The farmers got back at their planting this week, the fields finally dry enough after a two inch rain and made a couple of mysteries for Bruce and me.
They started planting early because the dry, sunny days stretched into a week, despite the fact the ground was cold and cold nights were forecast. Then it rained nearly two inches.
Tan dust smeared the horizon on my way home from town. Beneath was a tractor steadily working a field with a broad harrow, that almost looks graceful laid across the ground. The other night I watched our neighbor driving a small tractor with something small behind, running back and forth across an already planted field after 10 on a moon light night, kicking up dust, lickety split. This was no broad disk harrow, but an implement close up to the back of the tractor like a planter, but he was moving too fast to be planting. Besides the field had already been planted and sprayed.
I wanted to wake Bruce to tell him, but he was sound asleep, and this wasn’t like the night I heard the coyote whine by the barn, crying like a lost, injured dog. He was so close I was afraid the dogs and I would be attacked. I yelled, “Hey!” and the dogs pricked their ears. I checked the mares and latched the back door, so no coyote could sneak through. I spoke to Bruce, even though he was asleep. He mumbled something, but the next morning he said he didn’t remember.
This morning Mr. Peterson was doing the same thing–hauling ass up his field with a small tractor and pointy disk behind him. I walked to the edge of the field to ask what are you doing? He didn’t look like he’d stop at first, but he did.
“I’ve barely used this harrow,” he said. “I’m breaking the earth to let the seeds get through.”
“The ground got hard from the rains?”
“That’s right.”
(I’ve seen rains smooth the hoof prints in my limestone paddock, so I know how rain can drum down pretty hard, smoothing soil, then locking it when the sun comes.) The seeds are four inches down, locked up, like so many bodies trying to spring out of concrete.
I let him go back to work and finished cleaning the manure out of Morgen’s dry lot.
The farmers make a mystery, and not just plants pushing out of the ground, but the soil itself rising into the sky like the pillar of cloud that lead the Israelites through the wilderness by day. It was like seeing an old image of God, as natural as dust billowing from tractors working the ground. I wonder if that’s what they saw when they walked through the desert, a tall column of dust that glided ahead of them, a wonder that became common.

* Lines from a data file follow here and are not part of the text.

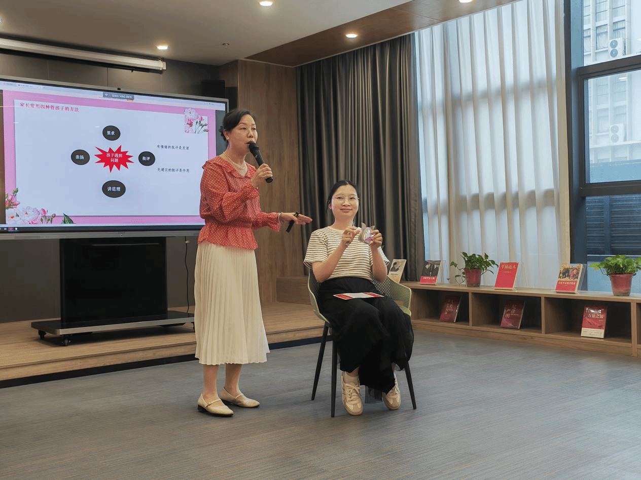活动中,卢老师以自身亲子关系、生活、学习及沟通常见问题作为切入点,先让各位老师发表自己的看法。接着,她细致分享、耐心讲解,使在场的老师产生共鸣,有所启发。卢老师让老师们描述亲子沟通的各种困难和问题,然后逐个分析其中原因,并给予建议。活动现场还准备了两个生动的互动体验,让老师们切身体会到家长的“管”对孩子产生的影响力。大家积极参与,现场氛围轻松而温馨。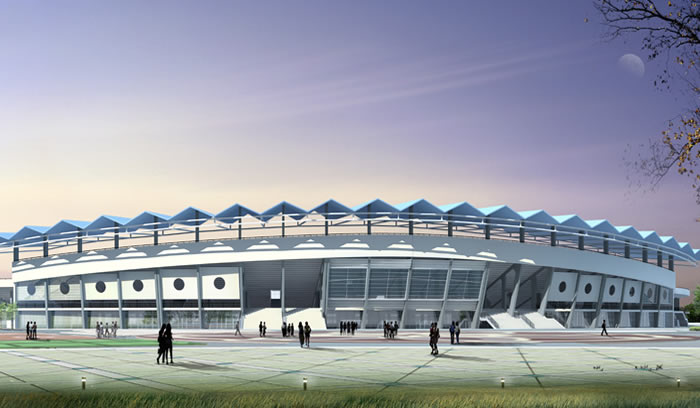 建設(shè)規(guī)模:項(xiàng)目體育館、體育場及游泳館各一座,其中體育館為2988座、體育場為20000座、游泳池輔房為700座.總建筑面積為25480m2。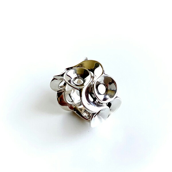 サークルリング。デザイン画も全く起こさず、頭のイメージを何度も変更させながら作り上げた、独創的なサークルデザインが特徴になります。イメージで大切にしたのが、女性らしいフォルムと上品さ、時代に左右されないデザインながら、他にない個性的で華やかな造形美。
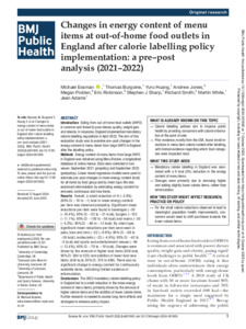 Changes in energy content of menu items at out of home food outlets in England after calorie labelling policy implementation.pdf - Published Version Available under License Creative Commons Attribution. Download (950kB) | Preview |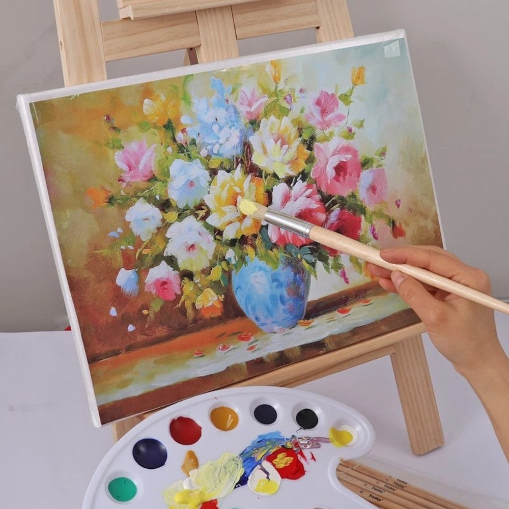 - Pack of 12 Assorted Size Wooden Round Handle Bristle Hair Artist Paint Brush Set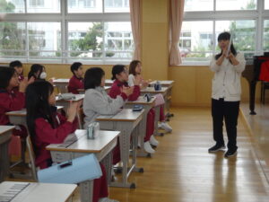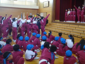 朝の活動では、6年生が1年生に校歌を教えています。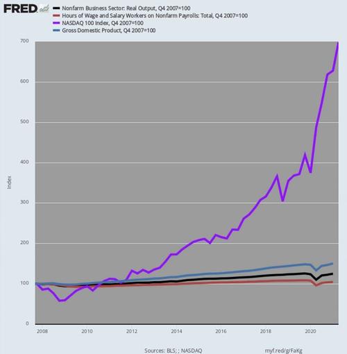 At the close of June 2021, the average hourly wage– as we learned this AM—was $25.68 per hour, while the NASDAQ 100 had taken flight to another financial planet, posting at 14,554. That is, it now took 566 hours of work to buy the index or 26X more than when Greenspan inaugurated wealth effects monetary policy.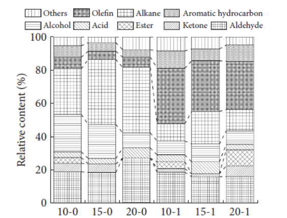 與對照組(10-0、15-0和20-0)相比,孜然組(10-1、15-1和20-1)中醛類、醇類和烷烴類相對含量減少,酯類和烯烴類相對含量增加。烤羊肉餅中的主要揮發(fā)性風(fēng)味化合物為醛類,包括戊醛、己醛、庚醛、辛醛、壬醛、癸醛、苯甲醛、(E)-2-辛烯醛等。加入孜然后,己醛含量顯著減少,這可能是由于孜然的抗氧化作用減少了關(guān)鍵醛類的氧化;孜然醛和茴香醛的含量明顯增加,這些是孜然中最豐富的成分,可能是由于在烤制過程中加入了孜然,使羊肉散發(fā)出柑橘和辛辣等香味。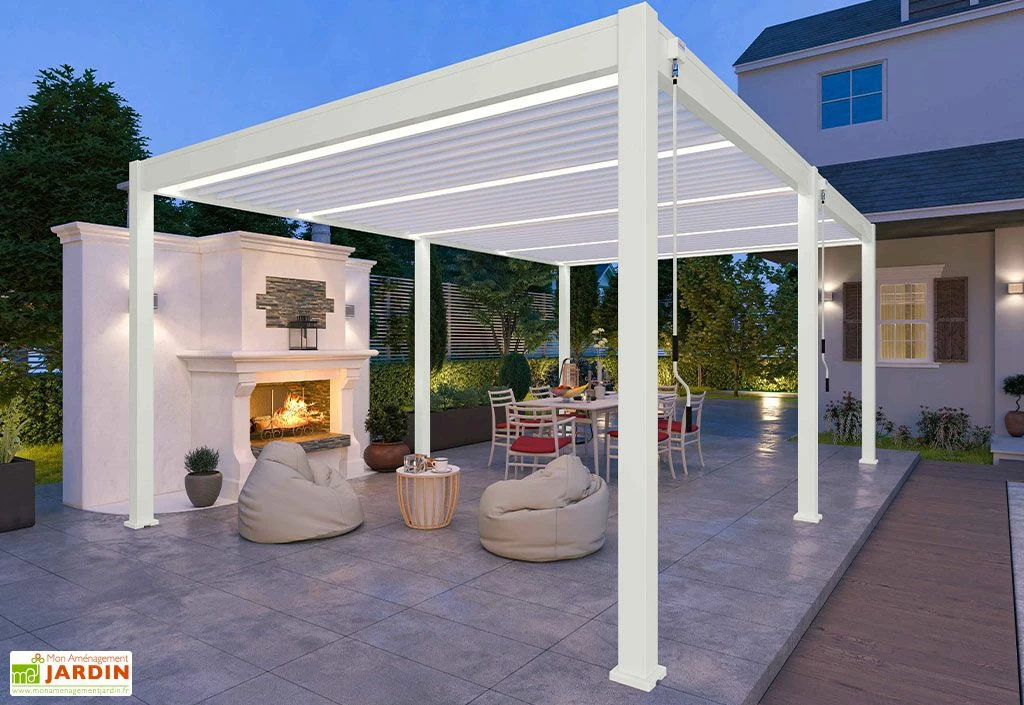 Prévue pour résister aux conditions climatiques, cette pergola bioclimatique résiste à des vents jusqu’à 100 km/h et à une charge de neige jusqu’à 50 kg/m². Lorsqu’il neige abondamment, pensez à ouvrir les lames pour éviter le risque de surcharge.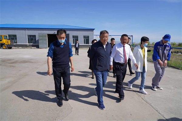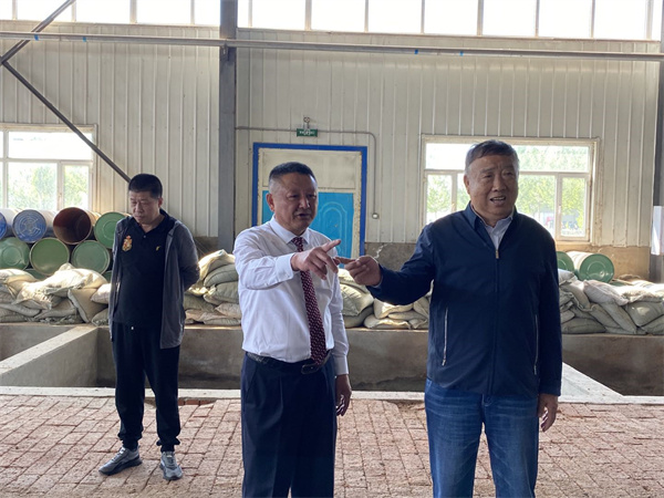 北方栗度酒業有限公司董事長王昆(左三)陪同栗永清(左二)一行參觀調研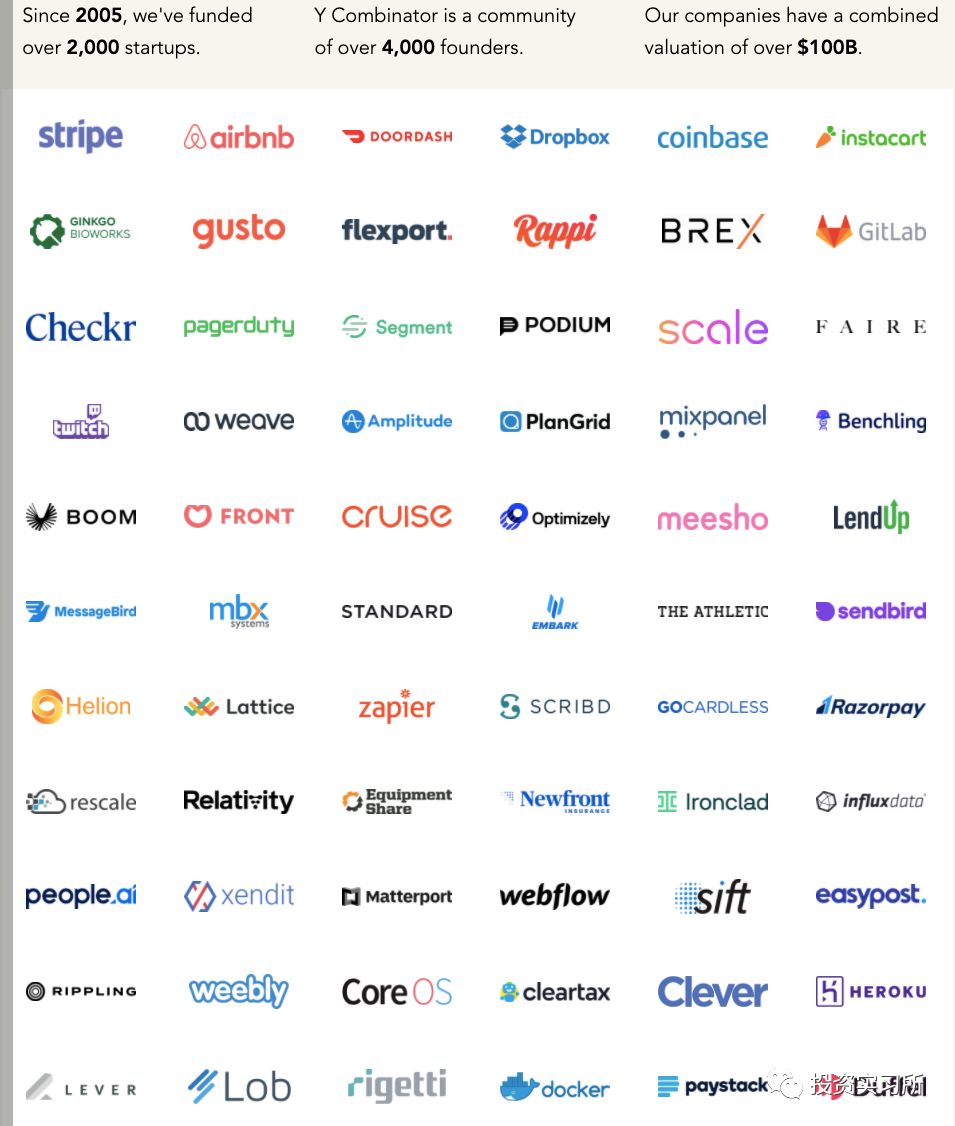 自 2005 年创立以来,15 年的时间,YC 已经投资孵化了 2000 多家创业公司,目前社区有 4000 多位创始人,估值超过了 1000 亿美金。这其中包括像 Stripe、Airbnb、Dropbox 以及 Coinbase 等非常成功的企业(如下图),YC 也在一定程度上成了创业的风向标。

I was riding Tessie and wasn’t sure what I was seeing because the dust was normal, kicked up dust, from a tractor and disk. But then it grew. It danced around. It stretched out long. I couldn’t believe my eyes as the pale dust stretched like taffy a thousand feet into the air. Circling nearby were turkey vultures.
“Bruce are you outside? Come look,” I shouted. Tessie was happy to stand still.
I wished I’d had my iPhone to grab a picture, so I could show you, but I’d left it in the house. (Wikipedia has some great pictures.)
Bruce appeared by the fence and shielded his eyes. He knows to listen when I ride my horse. We watched as it became a long column sliding across the sky like a tornado without a cloud up top and no dust churned at the bottom, just a long graceful funnel gliding over head. Jesus said the Spirit would blow where he will blow, completely unpredictable. God spoke to Job out of whirlwind. Jacob saw angels climbing a ladder. Was I seeing God? But I wasn’t afraid.
Bruce watched a buzzard ride the thermal higher until she became a tiny speck. I thought of how an airliner bumps across these, leaving passengers with lurched stomachs, the air jostling worse than a road with potholes and hills.
I asked Mr. Peterson if he’d seen it. He said,”Yes, there’ve been several dust devils lately.”
And I wondered which it was: dust devil or vision of God or simply one side of the ground warmer than the other, the warm air rising, the cool air twirling around it like a barbershop pole. Or was all three, the science and sacred explanation both true, both nudging me to wonder.